Respondent’s submissions received on 15 April 2025

  1. [4]
    During the hearing, the Respondent referred to documents it had submitted on 15 April 2025. The Applicant had not received those documents and made an application for them to be inadmissible. The Applicant argued the Respondent had many opportunities to provide their evidence and/or submissions but did not do so, the Respondent had not complied with the Tribunal’s Directions, and it was another example of the Respondent manipulating the court process.
  2. [5]
    The Tribunal notes that on 24 July 2024, the Respondent was directed to file in the Tribunal and give one copy to the Applicant 28 days after the date the motor vehicle’s assessor report had been email to them, amongst other things:

b. The statements from each witness for Respondent to give evidence at the hearing;

c. Any documents referred to in a further statement of evidence must be identified, explained and attached to the appropriate witness statement.

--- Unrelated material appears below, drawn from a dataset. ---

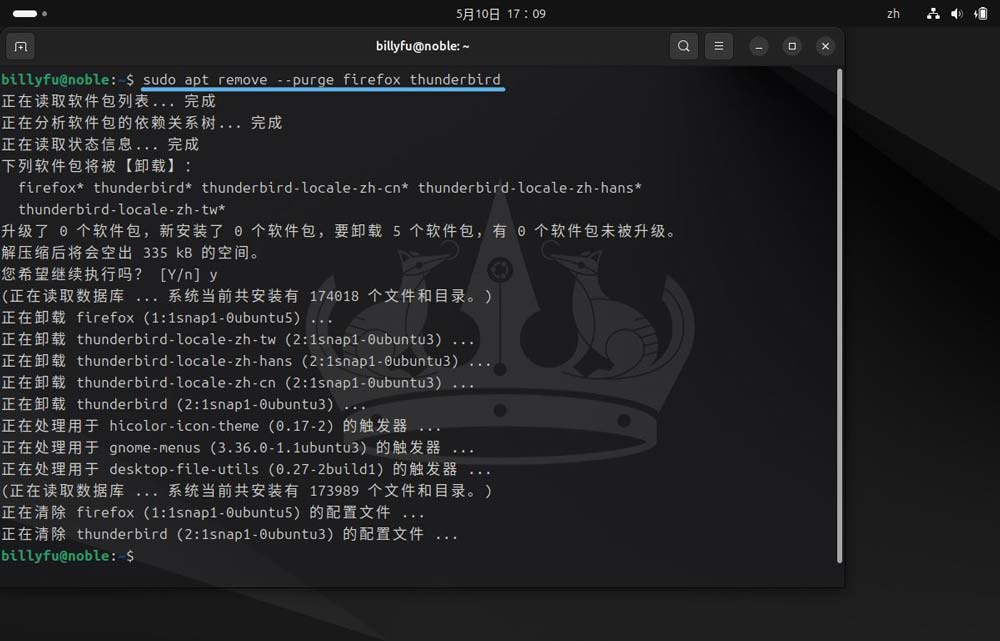 2、卸载重定向到 snap 的 firefox 和 thunderbird 空包:

  1. No party will be allowed to present any evidence at the hearing that is not contained in the statements without justifying the need for additional evidence to the Tribunal.

  1. [6]
    The Applicant and the Respondent were emailed the motor vehicle’s assessor report on 3 December 2024. The Applicant was given similar directions to file in the Tribunal and give one copy to the Respondent statements and/or evidence 14 days after the date the motor vehicle’s assessor report had been emailed. The Applicant provided to the Tribunal and the Respondent a document titled “Victim Impact Statement and Independent Vehicle Inspection Summary” on 9 December 2024. However, the Respondent failed to file further documentation until 15 April 2025.
  2. [7]
    On 15 April 2025, the Respondent filed a one page submission with attachments A to E in the Tribunal. Attachments A and D contained evidence that had already been filed and Attachment E contained an email from the Applicant to numerous recipients, including Members of Parliament, titled “Urgent Need for Reform: How Kia Motors and Frizelles Kia Exploited My Family and a Broken System.” That email outlined the Applicant’s experiences, the deficiencies in the law, courts and regulatory bodies to obtain substantive relief and a request to investigate the Respondent and strengthen consumer protections. Attachment B was evidence of the Applicant paying a $1,000 deposit on 27 October 2021 and Attachment C was evidence of the Applicant paying the amount of $73,330.01 on 9 June 2022.
  3. [8]
    Most of the Respondent’s submissions and/or evidence filed in the Tribunal on 15 April 2025 did not contain new evidence that was relevant to the Application. However, Attachments B and C did contain new evidence of the Respondent’s accounts indicating what monies were received from the Applicant and when. Those documents are relevant, and the Tribunal accepts the Respondent should have provided them sooner. Likewise, the Tribunal accepts the Respondent should have provided their relevant submissions sooner. However, the Tribunal is not satisfied that admitting the Respondent’s one page submission and Attachments B and Attachment C is prejudicial to the Applicant. Given the material contained in Attachments A and D were already before the Tribunal, Attachment E did not contain any new information relevant to the Application, the Applicant continued to file documents until February 2025 and the Applicant provided new evidence during the hearing about the amount and mode of payment to the Respondent, the Tribunal is not satisfied the documents filed by the Respondent on 15 April 2025 are inadmissible. The Tribunal admits those documents as Exhibit R2.
  4. [9]
    The Tribunal provided Exhibit R2 to the Applicant and stood the matter down for 20 minutes to enable her to read the documents and provide oral submissions if she wished to do so. When the Tribunal reconvened, the Applicant did provide oral submissions in response to Exhibit R2 and confirmed she had ample time to do so. She did not want further time to provide a written submission.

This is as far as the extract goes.